03.08.13
Rob Walker | Essays

The Panic Option

Panic is a special occasion. Or at least it ought to be something far less routine than, let’s say, unlocking a car door. But I recently found myself thinking about panic several times a day, as a result of a set of rental-car keys.

Our actual car is rather venerable, so I’m used to old-school analog keys. But over the years I’ve of course become familiar with the buttony-fob variety, and I’d noticed (without thinking much of it) that these often include a red button that I assume causes some sort of piercing shriek to frighten away a threat or summon help in a moment of … panic. I don't know how commonplace this variety of key has become, but it's curious to think of walking around with a panic button in one's pocket as a routine phenomenon.

Anyway, this most recent set of keys is the first I’ve encountered that replaces the familiar slender metal blade with a squatty plastic one.

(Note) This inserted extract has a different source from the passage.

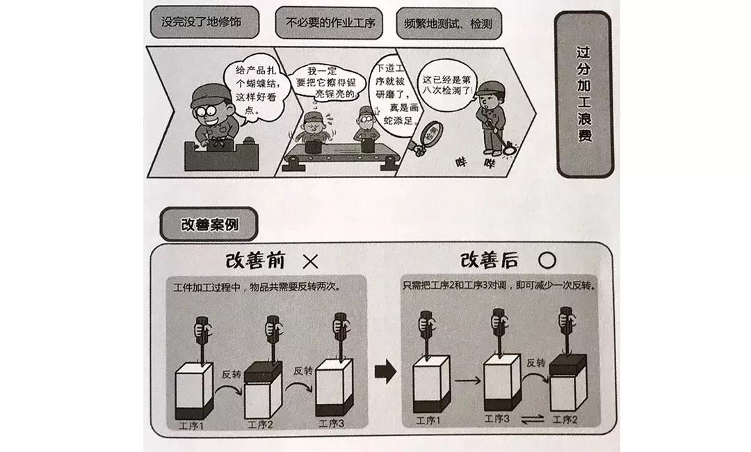 過分加工浪費(fèi)是指加工質(zhì)量或精度超過了下道工序需求或客戶需求而造成的過度加工的浪費(fèi)。例如,沒完沒了地修飾,頻繁地測(cè)試、分類、檢測(cè)。這些白白浪費(fèi)了過多的工時(shí)、原材料和設(shè)備損耗等。在降低過度加工浪費(fèi)的過程中可以對(duì)一些工序可以省略、合并或簡(jiǎn)化等。

This style appears to have originated at Mercedes (correct me if I’m wrong, and as long as I came across this during my search I may as well share with you the most boring listicle on the internet: Top 10 Car Keys). As a functional matter, you still slide it into a slot and twist to start the ignition.

But as you can see, the button layout of this key gives quite a bit of prominence to the Panic option: Not only is it the mandatory red, it’s bigger and much more invitingly pressable than other choices. Aggressive and shouty, it overwhelms the ho-hum buttons below. Thus, every time I locked or unlocked the rental car's door, or started it up, I treated the key gingerly. Instead of a comforting signal of safety, the panic button was a constant irritant, making me slightly tense.

It seems to me that panic, being a special occasion, ought to be separated from routine functionalities. Perhaps this button could be on the other side of the blade-block.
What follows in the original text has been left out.